Best Jewish (aka Sweet & Sour) Brisket
This is a never fail combo of two different recipes and it is only enhanced if you add some carrots with the onions and possibly cook potatoes in the resultant gravy.
Ingredients:
A brisket. Minimum two pounds, maximum however big will fit in your pot and feed your guests. Cut is up to you and what you are able to purchase.
One bottle red wine. It does not have to be a good wine, just drinkable.
Some onions. Some in this case being the highly variable number from minimum of 2 to as many onions as you think people will enjoy eating.
Tomato paste.
Bay leaves.
Salt & pepper to taste.
Garlic. A lot.
Sauce:
Ketchup
Brown sugar
Cider vinegar
Dash or two of Worcestershire sauce*
Instructions:
Take your brisket.
Put it in a giant ziploc bag with a bottle of red wine. It does not have to be good red wine, just drinkable. If you like, you can put in some smashed cloves of garlic. Let that sucker hang out in the fridge a while getting purple
When you are ready to cook it, take it out of the bag. SAVE THE WINE. YOU WILL NEED IT LATER.
Pat the now very purple meat dry.
Take a Dutch oven or covered sauté pan (or you can do this with a heavy roasting pan. You need something with serious weight that you can cover) and put it over a burner.
Heat the oil.
While the oil is heating, salt the brisket a little bit. Unless it’s not from a kosher butcher, in which case salt it a lot.
Slice your onions.
Now, with your hot oil, brown both sides of your brisket. Remove to a plate, lid of your pot, whatever. You want to be able to catch the juices.
Turn the heat down a bit and dump your onions and some garlic in the pot.
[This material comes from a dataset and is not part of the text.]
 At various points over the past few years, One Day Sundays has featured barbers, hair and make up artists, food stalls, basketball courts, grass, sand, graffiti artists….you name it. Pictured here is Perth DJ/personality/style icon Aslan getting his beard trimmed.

Add salt and pepper and a couple tablespoons of tomato paste.
While the aromatics are getting nice and browned and soft, mix your sauce until it tastes right (you get to decide how much sweet vs sour you want).
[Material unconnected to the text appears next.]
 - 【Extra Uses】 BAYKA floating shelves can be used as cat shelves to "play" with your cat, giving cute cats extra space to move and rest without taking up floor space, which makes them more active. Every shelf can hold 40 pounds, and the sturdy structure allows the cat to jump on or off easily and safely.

Now, deglaze your pan with all that wine you saved and let it reduce.
Once you’ve scraped up all the lovely brown things on the bottom of your pan, put the brisket and juices in the pan
Cover the brisket with onions, dump sauce on top
Cover, stick in a 300F oven for about 3-4 hours
Take out, let cool, slice, and reheat with glorious sauce
Non oven instructions:
Should you possess a slow cooker that also allows you to brown the meat (e.g. an Instant Pot), use the sauté setting to brown the meat and aromatics.
Set the slow cook setting to 4 hours on low.
*There are some strictly kosher folks who won’t mix proper Worcestershire sauce with meat. I do, but you can either use an imitation or just soy sauce. The point is to round out the flavor with a bit of umami.